That looks like megacolon. By weaning age, the belly of the mouse will expand rapidly, as food impacts in the colon and/or cecum. Because these organs don't function properly, the mouse is unable to digest food properly, and ceases to grow. Megacolon is associated with the recessive spotting gene, and also with some lethal spotting genes that do not appear to exist in the fancy. I had not previously heard about it being associated with banded.

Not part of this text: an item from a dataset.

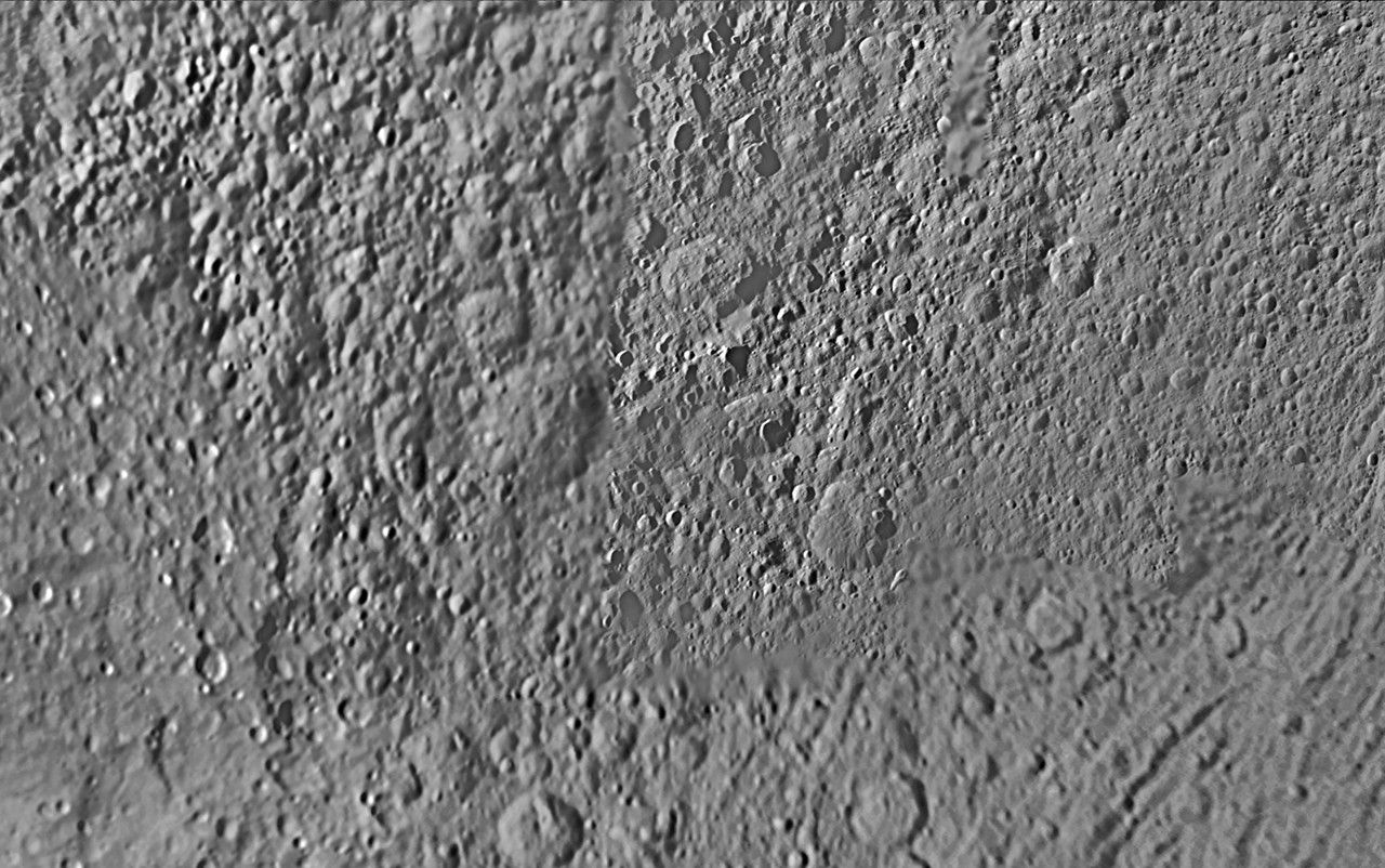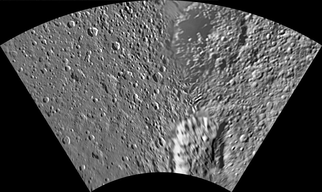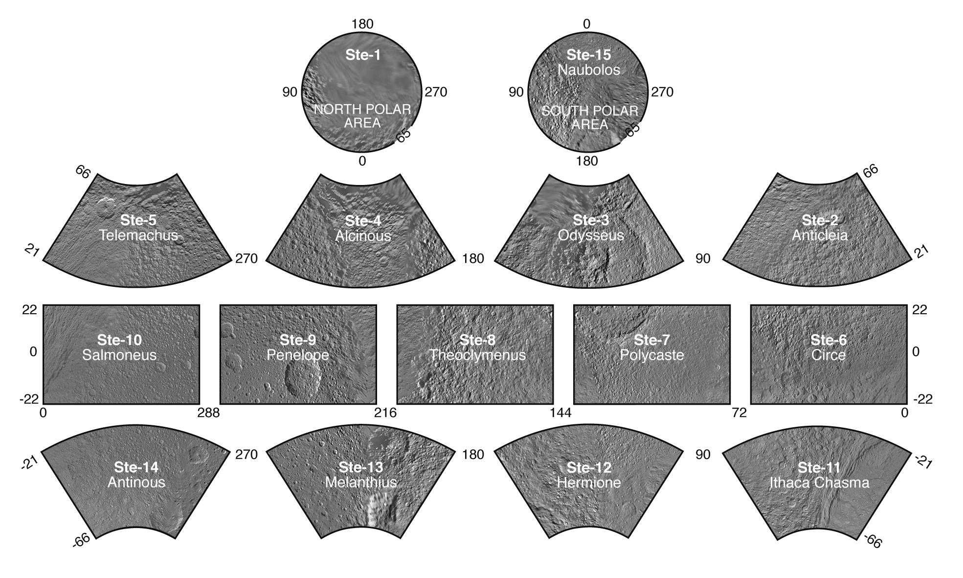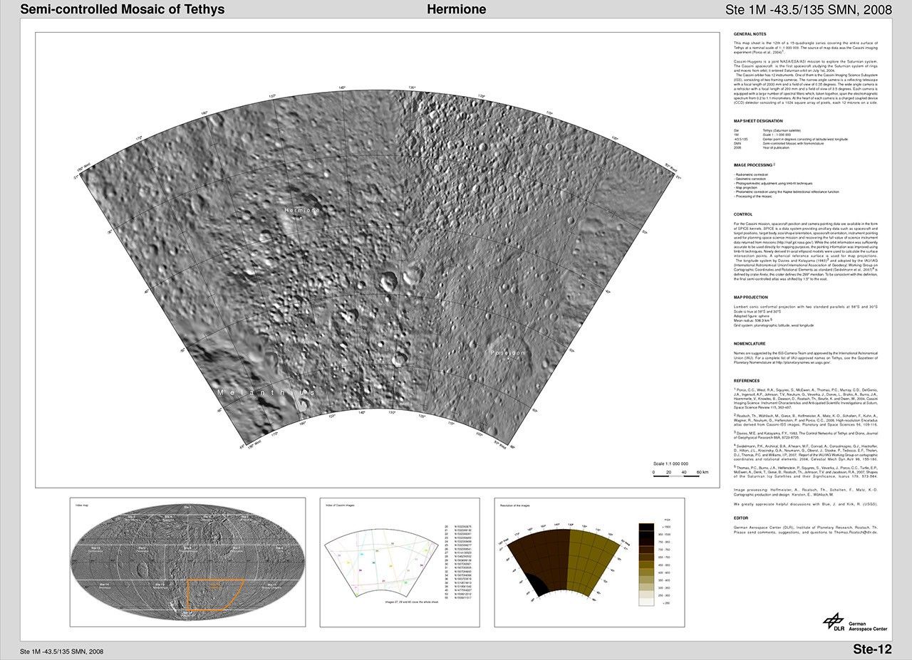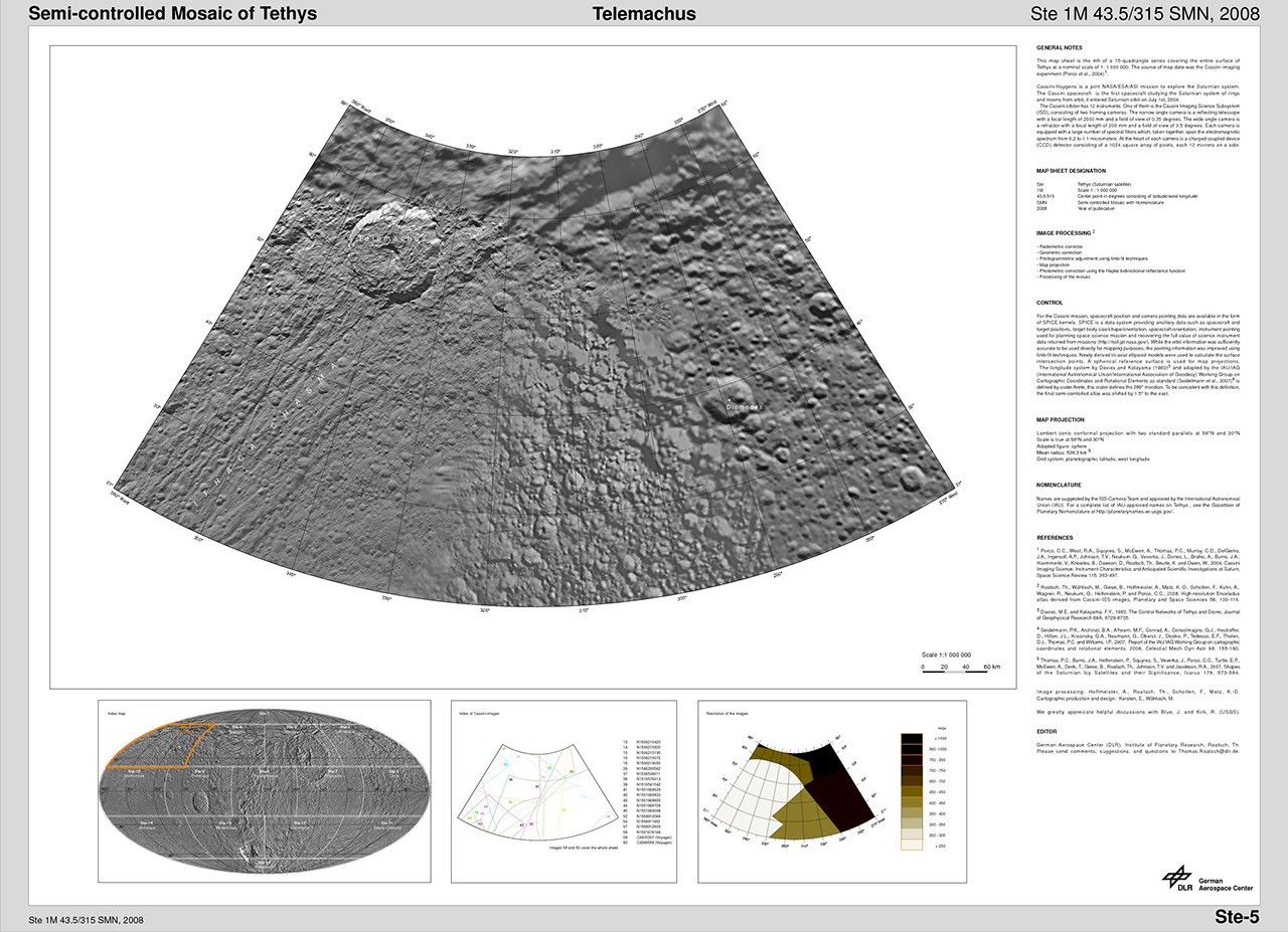 The map sheets form a 15-quadrangle series covering the entire surface of Tethys at a nominal scale of 1:1,000,000. An index for the atlas is included here, along with an unlabeled version of each terrain section. The map data was acquired by the Cassini imaging experiment. The mean radius of Tethys used for projection of the maps is 536.3 kilometers (333.2 miles). Names for features have been approved by the International Astronomical Union.

Putting them down is a blessing. If possible, select against the carriers. If that's your entire line, just be vigilant, and put down bloated babies as soon as you can. If left to be, they will fill with food, it will rot, and they will die of sepsis. It is an awful way to die.


----------



## Frizzle (Oct 6, 2011)

Ah shit... Well, here's pics from tonight. I'll have to start selecting against it the next cycle. They don't even have their eyes open, does megacolon start this early? Any reason why it's only affecting the Charlies? My starter was from Petco, so who knows what nasty things she's carrying. Can I expect it to stay with the homozygous form since that's when it's expressed itself?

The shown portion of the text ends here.